When a picture appears in the listing, leave it out and copy the rest exactly as it stands.

= Stored data =
•••

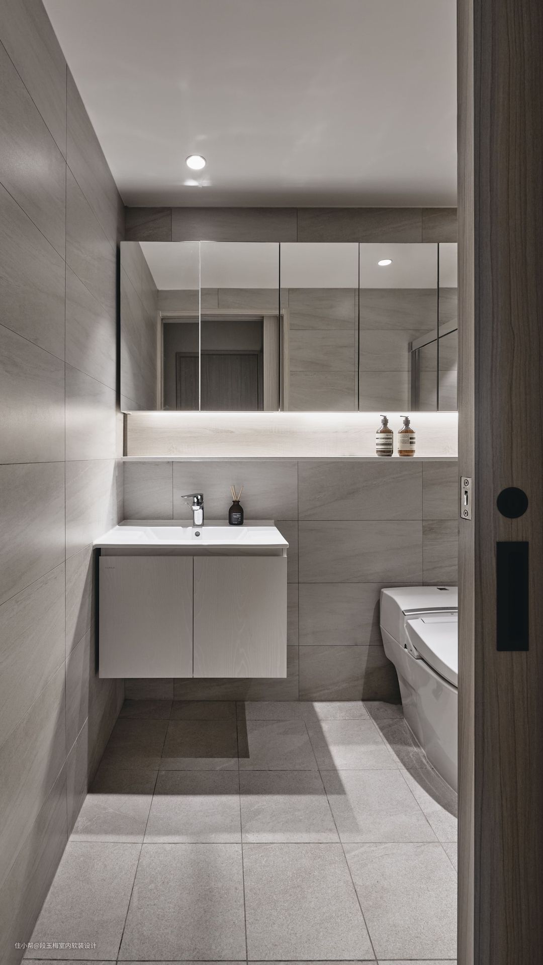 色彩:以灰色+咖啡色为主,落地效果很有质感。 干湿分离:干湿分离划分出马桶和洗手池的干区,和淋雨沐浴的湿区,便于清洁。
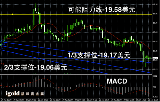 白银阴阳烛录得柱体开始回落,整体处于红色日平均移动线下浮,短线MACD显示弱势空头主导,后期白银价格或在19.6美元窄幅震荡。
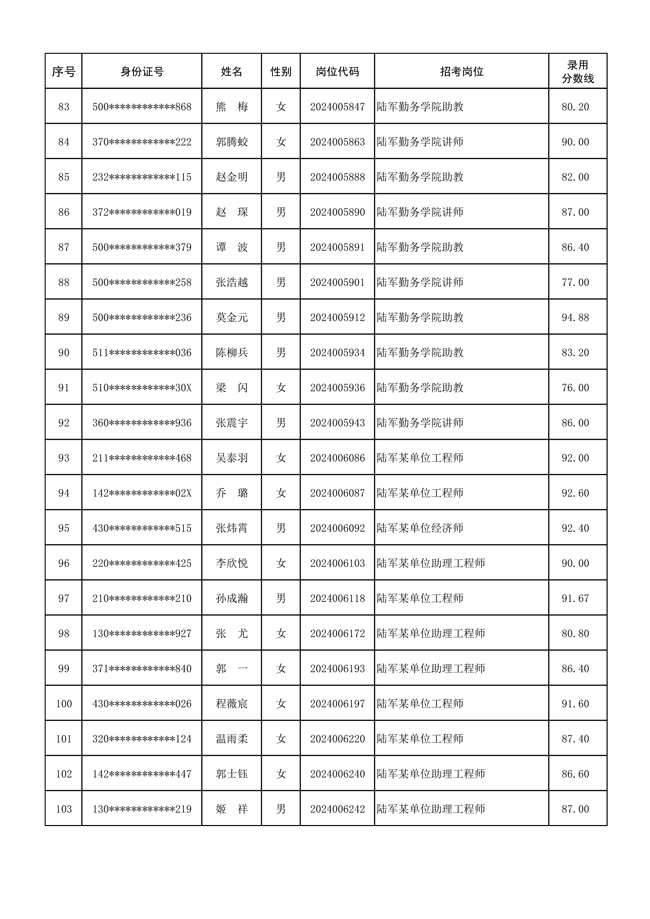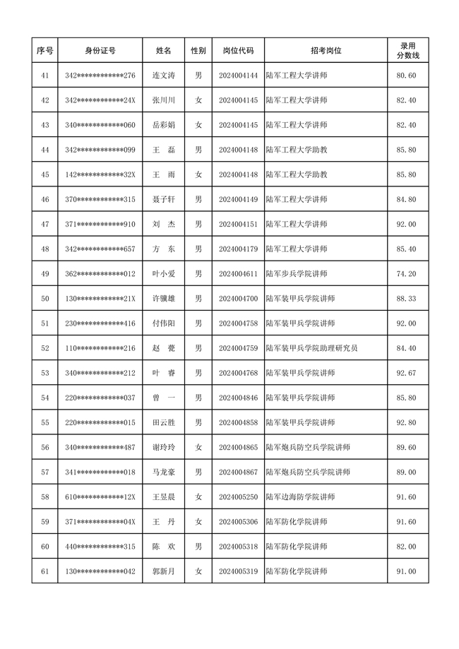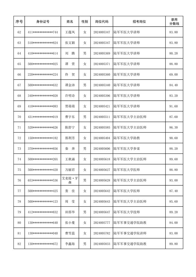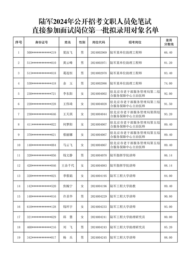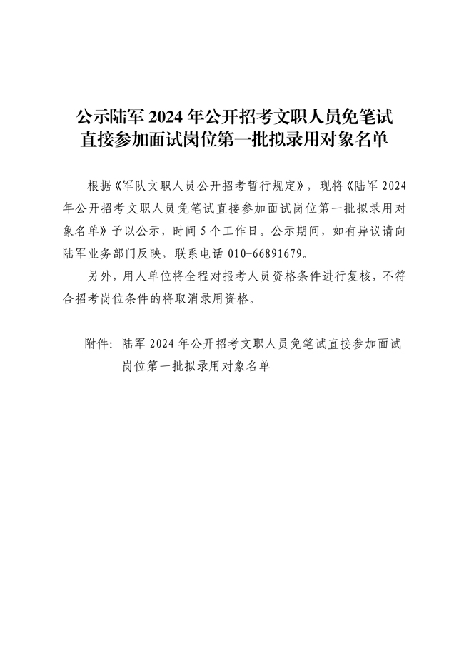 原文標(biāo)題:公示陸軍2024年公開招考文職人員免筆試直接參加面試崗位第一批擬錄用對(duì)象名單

•••

= Completed task =
 色彩:以灰色+咖啡色为主,落地效果很有质感。 干湿分离:干湿分离划分出马桶和洗手池的干区,和淋雨沐浴的湿区,便于清洁。
 白银阴阳烛录得柱体开始回落,整体处于红色日平均移动线下浮,短线MACD显示弱势空头主导,后期白银价格或在19.6美元窄幅震荡。
 原文標(biāo)題:公示陸軍2024年公開招考文職人員免筆試直接參加面試崗位第一批擬錄用對(duì)象名單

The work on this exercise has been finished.